The `type` [function](https://gwu-libraries.github.io/python-camp/glossary.html#term-function) provides as output information about the value associated with the variable `bkst_data`. It tells us the name of the Python data structure that characterizes this value.

In [2]:
type(bkst_data)

#### Question

You have encountered a Python [list](https://gwu-libraries.github.io/python-camp/glossary.html#term-list) before. What was the name of the variable that held a list in the "Choreographing Code" exercise?


#### Notes

- Going forward, when referring to functions and their output, we will say that the function **returns** something.
- Every Python value has a defined [type](https://gwu-libraries.github.io/python-camp/glossary.html#term-type).
- When we use the word [variable](https://gwu-libraries.github.io/python-camp/glossary.html#term-variable), we're generally referring to the combination of a name and a value. The name points to the value, which is located somewhere in memory. When we say, "the variable `bkst_data` is a list," we mean that the value to which the name `bkst_data` points is represented in Python as a list. 


In [2]:
bkst_data[0]

The code above uses [index](https://gwu-libraries.github.io/python-camp/glossary.html#term-index)ing to access the first element in the `bkst_data` list. When you run it, you should see data enclosed in curly braces (`{}`). 

#### Try it out!

In the cell below, use indexing to look at other elements in the list. (Change the number inside the square brackets in the expression `bkst_data[0]`). 



In [None]:
# Your code here

#### Questions

- What data elements do you see that might prove useful to our project (identifying courses with high- and low-cost textbooks)?
- What data elements do you have questions about?



#### Try it out!

For an example of course with assigned textbooks, look at the element in the 100th position in the list (at index 99).

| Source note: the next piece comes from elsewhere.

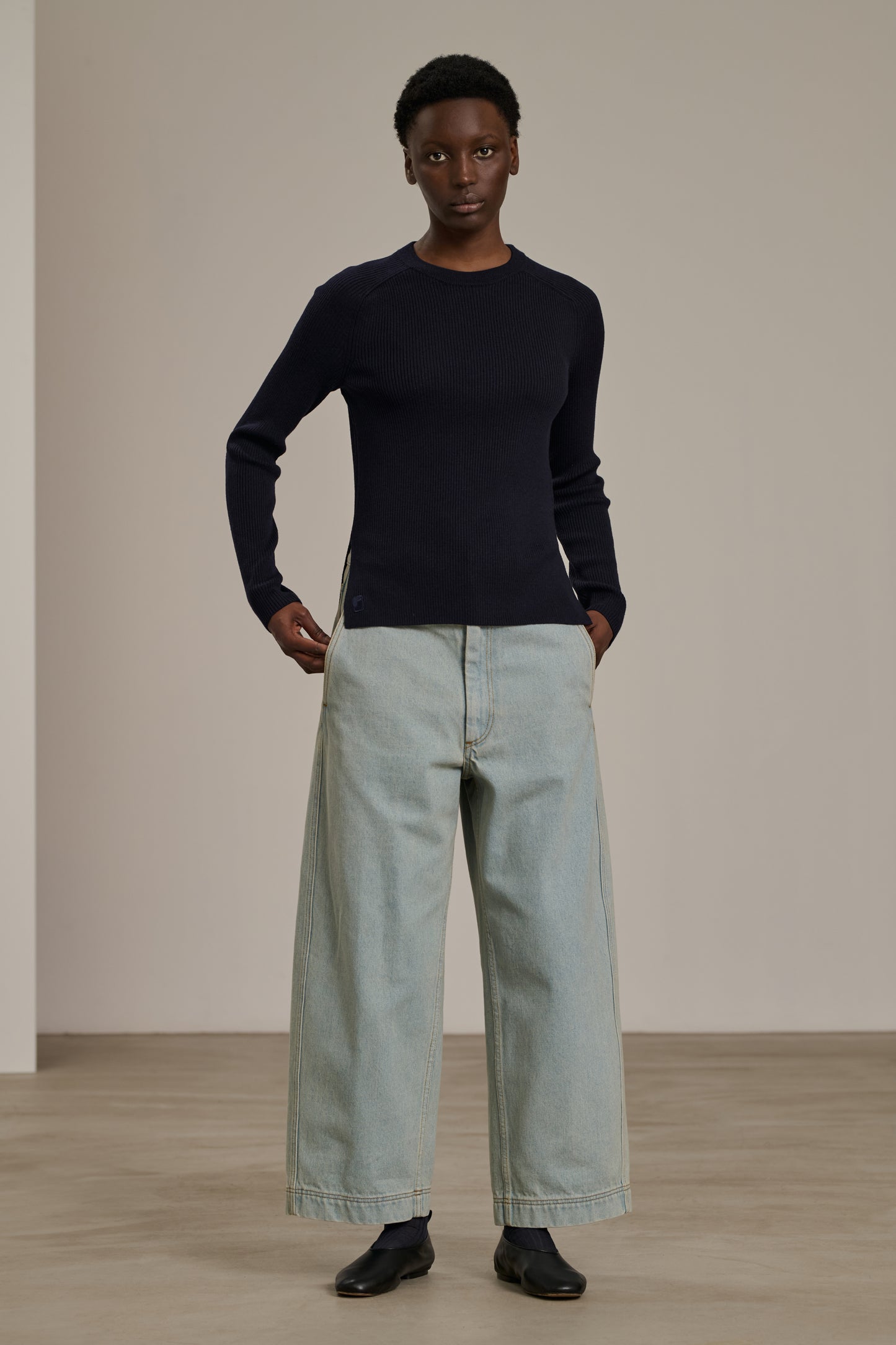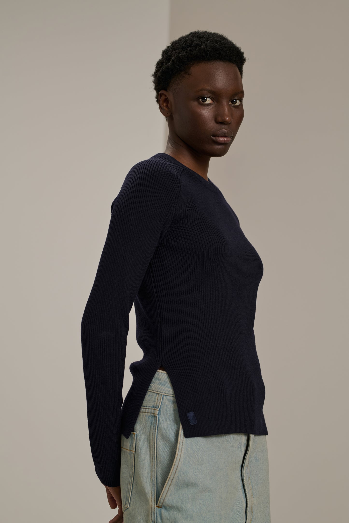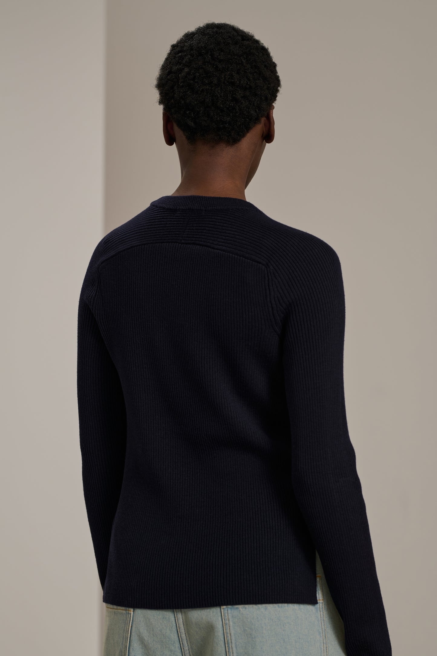 VERONA est un pull col rond en maille côtelée extensible à la coupe près du corps. Il peut être porté à même la peau ou superposé à une chemise longue. Il fait partie de notre ligne de tricots brodés du monogramme "S". Cette version est en laine mérinos fine et chaude. Une version d'été tricotée en coton et lin existe également.

Note any additional data elements that might be useful, as well as any that you have questions about.



In [None]:
# Your code here

## Navigating nested data

The `len()` function returns the length of a list.

In [4]:
len(bkst_data)

There are 1,250 top-level elements in `bkst_data`. But each element contains other elements nested within it. 

Here we assign one of those elements -- the element in the 100th position -- to a new variable, `my_course`.

In [None]:
my_course = bkst_data[99]
print(my_course)

#### Question

Look back at how we initially defined this dataset. In terms of that definition, what does each top-level element in the `bkst_data` list represent? 



In [None]:
type(my_course)

A single course is represented as a Python [dictionary](https://gwu-libraries.github.io/python-camp/glossary.html#term-dictionary) (`dict`) within the `bkst_data` list. 

As we saw in the previous activity, dictionaries allow us to store data in fields, similar to a database. The elements on the left-hand side of the colons are called **keys**, and the elements on the right-hand side of the colons are called **values**.

Here the keys are strings; anything enclosed in quotation marks in Python is a [string](https://gwu-libraries.github.io/python-camp/glossary.html#term-string).

We can use the keys to retrieve the values from the dictionary.

In [7]:
my_dept = my_course['department']
print(my_dept)

#### Try it out!

Practice accessing other elements within `my_course` using keys. 



In [None]:
# Your code here

#### Questions

Which pieces of information in `my_course` can you NOT access this way?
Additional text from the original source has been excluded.